Investing in bonds is more complex than simply buying Treasuries, though. You need to understand their complexities before making informed decisions about how to buy and hold or sell them when they mature. 

Bonds are a common way to diversify your portfolio and help reduce volatility from equities. They also provide income if you hold them to maturity, and all coupon payments are reinvested at the same interest rate. 

They are riskier than stocks, but their returns can be higher. They also tend to be less volatile than equities and offer the better long-term potential for growth. 

There are many ways to buy and sell bonds, from individual transactions to professionally managed mutual funds or exchange-traded funds (ETFs). However, some things you need to know before investing in bonds include their basic terms, the role of bonds in your portfolio, and the associated benefits and risks. 

What You Need to Know About the Terms and Terminologies of Bonds The terms used when discussing bonds are similar to those used when discussing other investments, like equities or commodities. They include the issuer, the coupon, the face value, and the maturities of the bonds. 

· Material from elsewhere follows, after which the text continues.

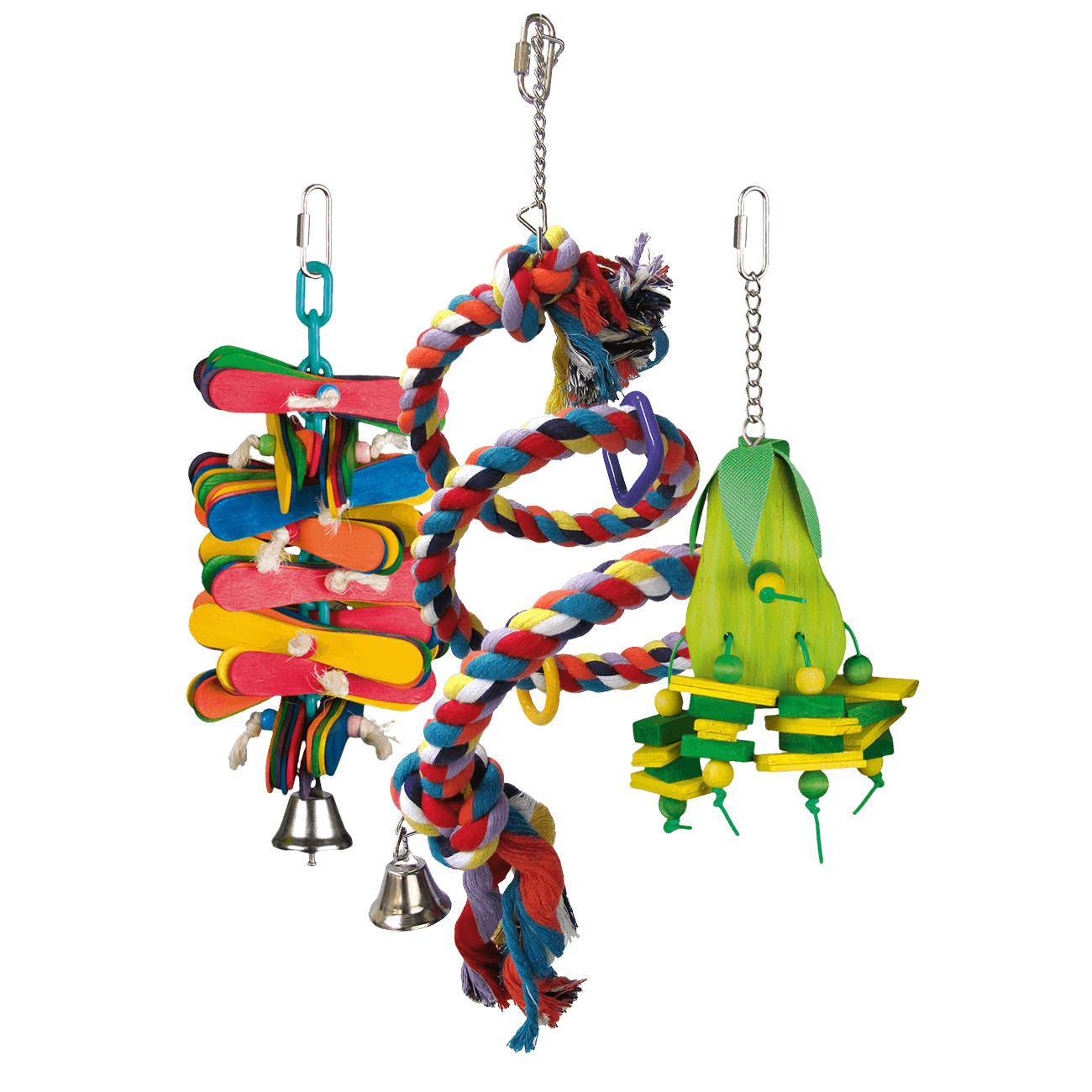 Toys for Parrots and Cockatiels with wood and plastic

Unlike stocks, which can be sold on the market or to your financial professional, bonds must be bought through the secondary market. They are typically purchased from a broker, through an exchange-traded fund, directly from the U.S. Treasury, or via a 401(k) plan, if available. They are usually issued by governments, corporations, and other entities, although some non-profits and certain municipalities are considered conduit borrowers. Conduit borrowers, like hospitals and universities, do not have to pay back their bonds if they fail to meet their obligations. Generally, bonds are longer-term investments than stocks because they have more time to mature before the company or government repays your investment. However, this also means that you will earn more interest but incur additional risk if the interest rate rises too quickly. Maturity dates are also different, but the same rules apply. They can be short-term (one to three years), medium-term (over 10 years), or long-term (over 30 years). 

Ratings are a good way to determine the creditworthiness of bonds and the level of risk involved. The higher a bond’s rating, the less likely it is to default. A bond with a low rating has the highest risk of default and should be avoided. 

Inflation risk is a major factor in purchasing a bond. If inflation exceeds a bond’s fixed income, the investor loses their purchasing power. 

In addition, bonds can be expensive to buy and depreciate over time. Because of these risks, it is best to purchase them in small amounts and hold them for a long time before selling them. If you are unsure whether bonds will be a good investment, talk to your financial adviser.